Du Yiming, Li Penghai, Cheng Longlong, Zhang Xuanwei, Li Mingji, Li Fengzhou
School of Integrated Circuit Science and Engineering, Tianjin University of Technology, Tianjin, China.
China Electronics Cloud Brain (Tianjin) Technology Co, Ltd., Tianjin, China.
Front Neurosci. 2024 Jan 10;17:1330077. doi: 10.3389/fnins.2023.1330077. eCollection 2023.
Multimodal emotion recognition has become a hot topic in human-computer interaction and intelligent healthcare fields. However, combining information from different human different modalities for emotion computation is still challenging.
In this paper, we propose a three-dimensional convolutional recurrent neural network model (referred to as 3FACRNN network) based on multimodal fusion and attention mechanism. The 3FACRNN network model consists of a visual network and an EEG network. The visual network is composed of a cascaded convolutional neural network-time convolutional network (CNN-TCN). In the EEG network, the 3D feature building module was added to integrate band information, spatial information and temporal information of the EEG signal, and the band attention and self-attention modules were added to the convolutional recurrent neural network (CRNN). The former explores the effect of different frequency bands on network recognition performance, while the latter is to obtain the intrinsic similarity of different EEG samples.

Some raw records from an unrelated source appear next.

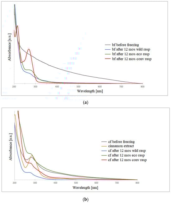 The UV–Vis absorption spectra of the studied films including base film (a) and the films with the addition of cinnamon (b), ginger (c), and turmeric (d) extracts before and after storage. Explanation: bf before freezing-base film (sodium alginate with chitosan) before freezing; bf after 12 mos conv rasp-base film after 12 months of freezing stored with conventional raspberries; bf after 12 mos eco rasp-base film after 12 months of freezing stored with organic raspberries; bf after 12 mos wild rasp-base film after 12 months of freezing stored with wild raspberries; cf before freezing-film (sodium alginate with chitosan) with cinnamon extract before freezing; cinnamon extract-cinnamon extract used in the production of film; cf after 12 mos conv rasp-film with cinnamon extract after 12 months of freezing stored with conventional raspberries; cf after 12 mos eco rasp-film with cinnamon extract after 12 months of freezing stored with organic raspberries; cf after 12 mos wild rasp-film with cinnamon extract after 12 months of freezing stored with wild raspberries; gf before freezing-film (sodium alginate with chitosan) with ginger extract before freezing; ginger extract-ginger extract used in the production of film; gf after 12 mos conv rasp-film with ginger extract after 12 months of freezing stored with conventional raspberries; gf after 12 mos eco rasp-film with ginger extract after 12 months of freezing stored with organic raspberries; gf after 12 mos wild rasp-film with ginger extract after 12 months of freezing stored with wild raspberries; tf before freezing-film (sodium alginate with chitosan) with turmeric extract before freezing; turmeric extract-turmeric extract used in the production of film; tf after 12 mos conv rasp-film with turmeric extract after 12 months of freezing stored with conventional raspberries; tf after 12 mos eco rasp-film with turmeric extract after 12 months of freezing stored with organic raspberries; tf after 12 mos wild rasp-film with turmeric extract after 12 months of freezing stored with wild raspberries.
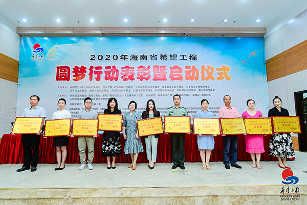 7月27日下午, 2020年海南省希望工程圆梦行动启动暨表彰仪式在海口举行。仪式现场,海南省体育彩票管理中心等爱心单位被授予“2019年海南省希望工程脱贫攻坚贡献奖”。为了支持2020年海南希望工程脱贫攻坚工作,帮助家庭贫困子女解决上大学难的实际问题,海南体彩在仪式现场捐赠30万元,持续助力海南省希望工程圆梦行动这一惠民工程。
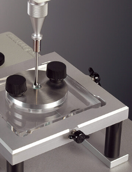 P/FSR撑破装置可用于薄膜、蔬菜叶和茶叶等样品的撑破实验。将茶叶新梢放于装置的中间,用上面两个螺丝固定,然后再用球形探头对试样进行挤压,直至试样被撑破,可以测出茶叶新梢的撑破强度。
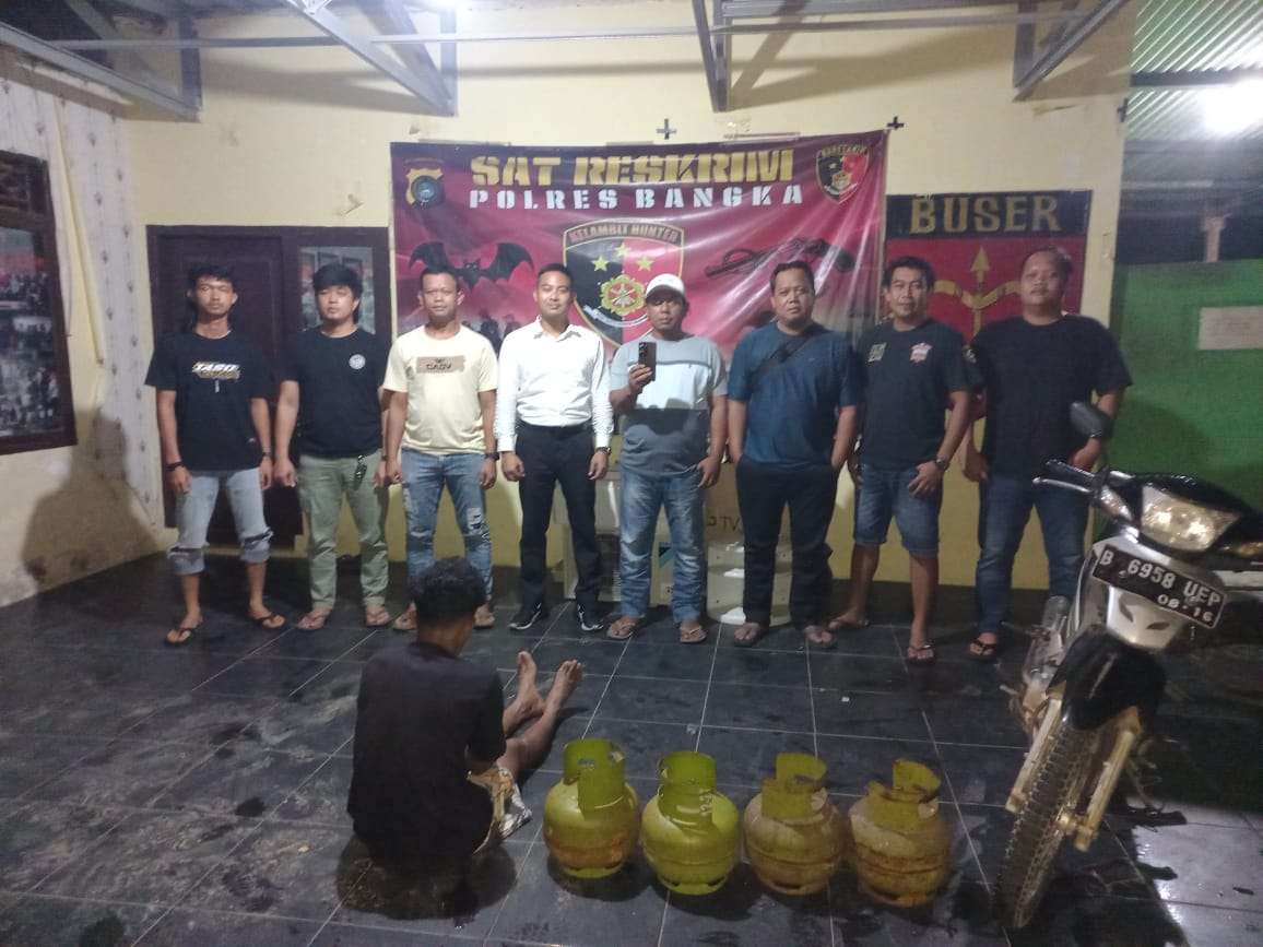 Polisi menyita sejumlah barang bukti, termasuk motor Honda Supra silver-hitam, HP Vivo Y18, dan empat tabung gas 3 kg.

To investigate the effect of different frequency bands on the experiment, we obtained the average attention mask for all subjects in different frequency bands. The distribution of the attention masks across the different frequency bands suggests that signals more relevant to human emotions may be active in the high frequency bands γ (31-50 Hz). Finally, we try to use the multi-task loss function Lc to force the approximation of the intermediate feature vectors of the visual and EEG modalities, with the aim of using the knowledge of the visual modalities to improve the performance of the EEG network model. The mean recognition accuracy and standard deviation of the proposed method on the two multimodal sentiment datasets DEAP and MAHNOB-HCI (arousal, valence) were 96.75 ± 1.75, 96.86 ± 1.33; 97.55 ± 1.51, 98.37 ± 1.07, better than those of the state-of-the-art multimodal recognition approaches.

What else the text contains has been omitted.